When compared to the gauge observations, Nimrod had very large frequency biases throughout the forecast period, particularly for the higher rain rates (Fig. 16a). This may be partly due to its coarse spatial resolution, since the occurrence of rain anywhere within the grid box would be represented by a 25 km^{2} region of rain. It is also related to a broader overestimation of spatial rain rates (e.g., see Fig. 1). Figure 16c shows that the mean bias for 30-min nowcasts of half-hourly rain is 0.25 mm. The bias decreases with time as an increasingly greater fraction of the forecast is derived from the NWP model, so that after 3 h the bias is close to 0. The large bias is also responsible for the MAE-based skill score being negative for at least 3 h into the forecast. The occurrence of rain >0 mm was better predicted by PERSIS than by Nimrod or EXTRAP (Fig. 16b), a result of the high false alarm rate in the radar-based forecasts. EXTRAP provided the best forecasts of heavier rainfall occurrence for the first 2 h.

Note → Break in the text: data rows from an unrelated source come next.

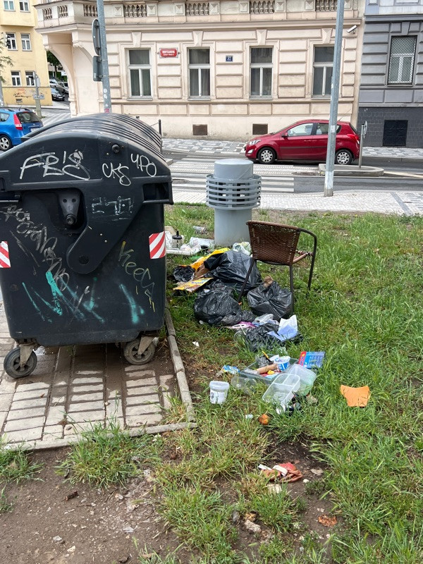 Potraviny a odpadky u kontejnerů na směsný odpad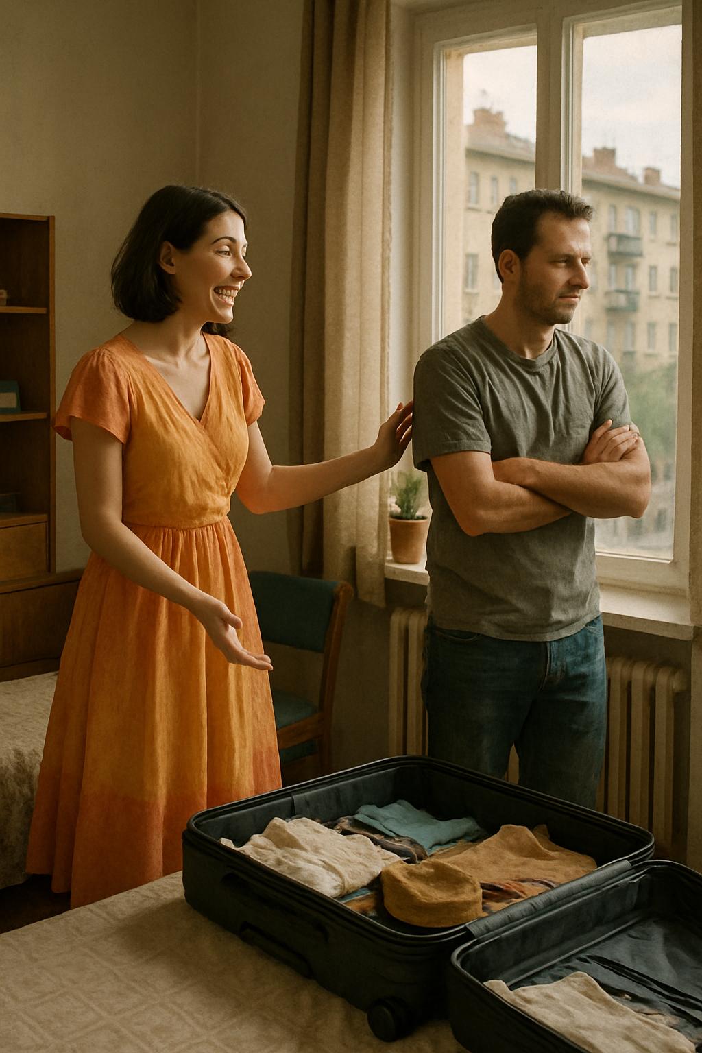 Ольга осталась одна в гостиной, среди полусобранных чемоданов и новых, ещё пахнущих магазином вещей.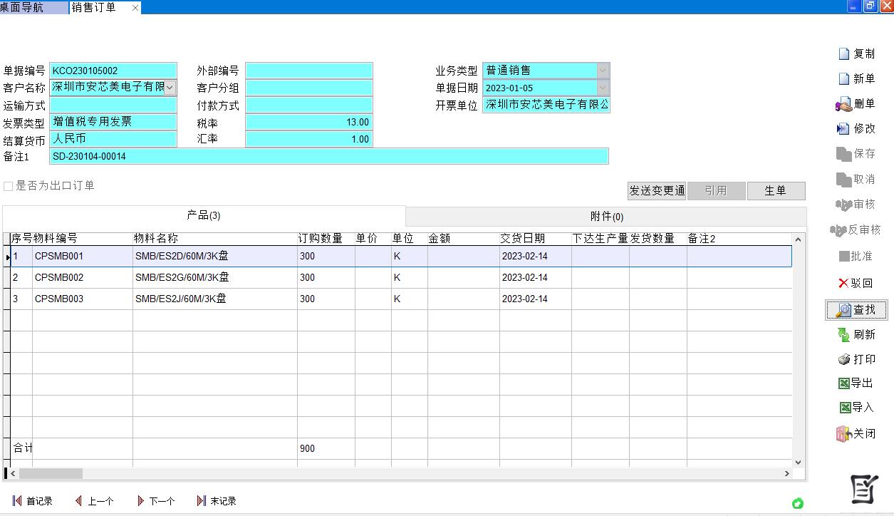 PC端的銷售訂單

## 9. Verification of S-PROG

S-PROG, short for Spectral Prognosis, is an advection based algorithm that represents rain as a multiplicative cascade of structures characterizing a spectrum of spatial and temporal scales (Seed and Keenan 2001). The version used in the Sydney FDP assumes that the total rain area remains constant in time, with the smaller-scale structures (usually corresponding to the more intense rain cells) decaying more quickly than the larger-scale structures. This produces an increasingly smooth field as the forecast progresses.^{2}

Figure 17 shows the mean rain location errors for the S-PROG algorithm. It had slightly greater location errors than EXTRAP nowcasts throughout the forecast period, with values of about 10 km after 30 min. The difference was most likely due to the influence of S-PROG's smoothing of rain maxima on the CRA pattern matching results.

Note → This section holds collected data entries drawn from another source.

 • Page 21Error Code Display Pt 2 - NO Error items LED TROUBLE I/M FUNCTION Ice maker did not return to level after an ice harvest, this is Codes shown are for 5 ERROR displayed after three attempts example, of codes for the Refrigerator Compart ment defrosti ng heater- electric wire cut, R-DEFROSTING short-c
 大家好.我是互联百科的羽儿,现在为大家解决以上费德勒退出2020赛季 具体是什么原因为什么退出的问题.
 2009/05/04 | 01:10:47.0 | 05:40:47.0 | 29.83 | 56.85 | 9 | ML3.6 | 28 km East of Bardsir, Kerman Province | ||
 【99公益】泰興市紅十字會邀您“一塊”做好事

The smoothing is also evident in the plot of bias score versus time (Fig. 18a). Few occurrences of rain greater than 20 mm h^{−1} remained after only 10 min, and after 60 min the frequency of rain exceeding 5 mm h^{−1} was also severely underestimated. The CSI plot (Fig. 18b) shows that for the duration of the forecast period S-PROG provided slightly better predictions of light rain occurrence than did EXTRAP and PERSIS, with a value of 0.25 after 60 min. Performance for moderate rain was slightly worse than that of EXTRAP, while performance for heavy rain was significantly worse. The occurrence of convective rain was predicted with greater skill than stratiform rain. In terms of both the mean absolute error and the spatial correlation coefficient, S-PROG performed notably better than EXTRAP and PERSIS (Fig. 18c). This is the result of the conservative nature of S-PROG forecasts, and is consistent with the scheme's philosophy of not attempting to predict the smaller-scale structures beyond their natural timescales. Because of the large number of samples, the 95% confidence intervals for the verification statistics were very tight, and all differences between S-PROG and EXTRAP were statistically significant at the 95% level.

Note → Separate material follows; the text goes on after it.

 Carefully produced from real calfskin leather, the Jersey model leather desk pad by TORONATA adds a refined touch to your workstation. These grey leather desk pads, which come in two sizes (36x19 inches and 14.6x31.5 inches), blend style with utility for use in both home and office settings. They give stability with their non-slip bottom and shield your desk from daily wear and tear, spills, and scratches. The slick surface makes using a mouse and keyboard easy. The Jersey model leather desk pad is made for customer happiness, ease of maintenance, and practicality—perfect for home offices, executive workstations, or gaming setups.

The verification of S-PROG rain nowcasts against the observed 10-min accumulation at rain gauges is presented in Fig. 19. The radar analysis produced excessive very light rain and insufficient heavier rain when compared to the gauge data, and this was carried through to the forecasts. As was seen in Fig. 18, the algorithm decayed the heavier rain rates quickly with time. S-PROG outperformed both EXTRAP and gauge-based PERSIS in predicting the occurrence of rain >0 mm (Fig. 19b). The opposite was true for the heavier rain rates due to the low hit rate. The MAE-based skill with respect to persistence was positive for both S-PROG and EXTRAP, reaching 0.25 after an hour. The mean bias was negative throughout the forecast period at about −0.06 mm 10 min^{−1}. Even though the heavy rain rates decayed quickly, the mean bias decreased only slowly because most of the rain was of low intensity.

## 10. Verification of TITAN

TITAN is a cell tracking algorithm in which the intensity, speed, and direction of an individual thunderstorm are determined from its past history. In the FDP each TITAN rain cell was represented as an idealized ellipse whose area was equal to the area enclosed by the 35-dB*Z* isoline, and whose rain rate was constant at 5.6 mm h^{−1}. TITAN can also forecast cell growth or decay, but this “trending” feature was not applied in the FDP. Rather, to suggest uncertainty in cell movement, the major and minor axes of each ellipse were systematically increased by 3 km h^{−1}. The verification results pertain to this highly simplified “cartoon” version of TITAN (see Fig. 1). TITAN was run using reflectivities from two different radars, the C-band Doppler radar near Sydney Airport, which had 5-min sampling, and an S-band weather radar in Wollongong, with 10-min sampling. The results shown in this section are for the TITAN forecasts made using the Sydney radar data.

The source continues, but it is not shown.